Leo Varadkar insists that state exams will go ahead in June

Jamie Mc Carron

Leo Varadkar announced on Wednesday that Junior and Leaving Certificate exams will go ahead in June, as previously planned.

The Taoiseach said that the Government did not want secondary school students “losing a year” of their lives, at a government press briefing yesterday evening.

Varadkar also stated that the Minister for Education, Joe McHugh, and the State Examinations Commission are drawing up plans for exams to take place in June “by hook or by crook”.

According to the Taoiseach  the government is keen to avoid the “problems that would follow” if there were not incoming first year students in colleges in autumn, and Varadkar urged the 126,000 students due to sit exams to continue studying.

This is despite the fact that an online survey of 47,000 students by the Irish Second-Level Students’ Union (ISSU), found that 49 per cent of Leaving Cert students are in favour of cancelling the June exams.

They instead propose an assessment on already-completed coursework and grade predictions from teachers to decide their final grades, which has been implemented in the UK in place of A Level exams.
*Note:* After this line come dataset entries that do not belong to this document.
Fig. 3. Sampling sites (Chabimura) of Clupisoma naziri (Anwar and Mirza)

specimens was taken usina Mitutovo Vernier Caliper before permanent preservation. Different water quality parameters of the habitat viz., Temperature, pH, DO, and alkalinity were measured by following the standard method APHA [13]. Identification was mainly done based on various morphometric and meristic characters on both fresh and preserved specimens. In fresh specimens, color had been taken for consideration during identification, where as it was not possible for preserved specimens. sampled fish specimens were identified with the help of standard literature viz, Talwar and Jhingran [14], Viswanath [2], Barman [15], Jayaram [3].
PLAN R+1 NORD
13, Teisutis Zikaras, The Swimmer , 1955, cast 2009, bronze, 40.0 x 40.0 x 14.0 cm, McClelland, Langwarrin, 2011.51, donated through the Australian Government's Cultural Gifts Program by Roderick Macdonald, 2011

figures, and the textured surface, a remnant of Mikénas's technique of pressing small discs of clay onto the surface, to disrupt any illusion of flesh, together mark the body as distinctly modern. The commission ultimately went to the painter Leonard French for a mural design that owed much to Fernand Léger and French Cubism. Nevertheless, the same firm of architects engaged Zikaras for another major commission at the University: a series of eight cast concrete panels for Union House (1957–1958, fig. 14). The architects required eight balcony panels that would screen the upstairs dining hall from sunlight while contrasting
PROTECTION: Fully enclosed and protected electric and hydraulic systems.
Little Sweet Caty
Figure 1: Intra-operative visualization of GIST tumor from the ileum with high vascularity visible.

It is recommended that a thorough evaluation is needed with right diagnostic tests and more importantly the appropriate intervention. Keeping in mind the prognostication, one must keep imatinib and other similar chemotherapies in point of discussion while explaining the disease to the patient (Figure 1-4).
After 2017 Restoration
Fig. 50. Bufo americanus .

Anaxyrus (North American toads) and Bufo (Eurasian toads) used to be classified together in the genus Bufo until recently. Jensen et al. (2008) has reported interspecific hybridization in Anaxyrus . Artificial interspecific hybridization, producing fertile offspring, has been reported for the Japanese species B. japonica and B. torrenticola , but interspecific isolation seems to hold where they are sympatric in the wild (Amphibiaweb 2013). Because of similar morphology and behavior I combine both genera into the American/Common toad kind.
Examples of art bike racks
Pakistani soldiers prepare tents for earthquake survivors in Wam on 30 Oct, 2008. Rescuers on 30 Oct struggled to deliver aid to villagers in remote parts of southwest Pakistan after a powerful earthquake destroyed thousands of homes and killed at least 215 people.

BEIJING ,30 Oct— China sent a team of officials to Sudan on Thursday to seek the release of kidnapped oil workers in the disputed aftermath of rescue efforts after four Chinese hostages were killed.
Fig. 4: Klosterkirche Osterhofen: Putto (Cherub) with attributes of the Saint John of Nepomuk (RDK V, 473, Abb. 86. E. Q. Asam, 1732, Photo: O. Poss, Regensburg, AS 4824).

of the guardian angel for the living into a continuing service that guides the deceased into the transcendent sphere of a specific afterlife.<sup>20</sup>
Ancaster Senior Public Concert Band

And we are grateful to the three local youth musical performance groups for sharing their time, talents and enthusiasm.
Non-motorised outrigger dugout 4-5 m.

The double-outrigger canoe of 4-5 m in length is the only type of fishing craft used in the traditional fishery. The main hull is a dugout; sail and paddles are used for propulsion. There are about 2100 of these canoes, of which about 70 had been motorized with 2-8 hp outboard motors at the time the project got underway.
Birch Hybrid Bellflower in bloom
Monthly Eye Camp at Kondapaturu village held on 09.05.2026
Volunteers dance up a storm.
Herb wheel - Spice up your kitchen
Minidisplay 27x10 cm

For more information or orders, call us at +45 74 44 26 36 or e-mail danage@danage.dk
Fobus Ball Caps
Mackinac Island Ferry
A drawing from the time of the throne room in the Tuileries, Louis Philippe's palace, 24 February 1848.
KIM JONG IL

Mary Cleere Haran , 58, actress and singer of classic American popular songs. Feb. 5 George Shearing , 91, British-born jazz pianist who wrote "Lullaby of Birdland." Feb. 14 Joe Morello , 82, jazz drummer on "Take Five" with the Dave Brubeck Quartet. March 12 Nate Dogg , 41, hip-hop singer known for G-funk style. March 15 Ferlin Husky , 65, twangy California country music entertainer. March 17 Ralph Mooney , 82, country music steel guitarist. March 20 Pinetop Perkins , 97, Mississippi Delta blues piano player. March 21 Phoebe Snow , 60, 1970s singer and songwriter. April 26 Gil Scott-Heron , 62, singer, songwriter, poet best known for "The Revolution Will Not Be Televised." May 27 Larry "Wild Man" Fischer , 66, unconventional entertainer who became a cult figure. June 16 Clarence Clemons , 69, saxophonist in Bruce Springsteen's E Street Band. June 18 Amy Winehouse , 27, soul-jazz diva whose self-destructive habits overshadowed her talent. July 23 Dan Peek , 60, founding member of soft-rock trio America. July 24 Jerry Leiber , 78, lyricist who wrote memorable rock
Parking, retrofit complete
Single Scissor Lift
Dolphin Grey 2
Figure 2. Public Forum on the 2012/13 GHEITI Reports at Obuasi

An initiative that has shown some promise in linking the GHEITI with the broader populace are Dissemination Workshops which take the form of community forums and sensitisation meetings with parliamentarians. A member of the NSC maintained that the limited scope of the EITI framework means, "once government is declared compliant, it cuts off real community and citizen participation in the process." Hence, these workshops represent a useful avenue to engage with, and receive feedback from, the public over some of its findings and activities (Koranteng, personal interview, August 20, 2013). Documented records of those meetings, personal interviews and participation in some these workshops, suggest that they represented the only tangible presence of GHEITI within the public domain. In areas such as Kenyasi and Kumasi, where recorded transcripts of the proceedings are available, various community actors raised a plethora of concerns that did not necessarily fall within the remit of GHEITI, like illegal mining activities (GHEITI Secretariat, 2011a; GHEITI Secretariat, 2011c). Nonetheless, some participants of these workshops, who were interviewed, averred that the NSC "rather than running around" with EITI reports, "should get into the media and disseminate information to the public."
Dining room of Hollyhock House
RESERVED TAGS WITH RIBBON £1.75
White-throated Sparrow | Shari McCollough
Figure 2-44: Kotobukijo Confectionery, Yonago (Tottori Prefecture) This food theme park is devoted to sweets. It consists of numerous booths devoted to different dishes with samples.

Only 26 per cent of students surveyed were in favour of the government’s plan to continue exams in June while the same survey found that 77 per cent of Junior Certificate students want their exams cancelled.

A Change.org petition which is seeking to introduce the predicted grade system for these exams currently has 9,600 signatures.

One commenter on the site wrote “our mental health, our physical health and our families mean the world to us. A piece of paper will never ever determine the intelligence and potential we as a generation have.”

During yesterday’s briefing the Taoiseach also announced that a further 13 people had died from coronavirus and that the worst of the coronavirus surge was yet to come despite “real progress in flattening the curve”.

He also predicted that another recession was imminent, “not just in Ireland but it looks like a world recession.”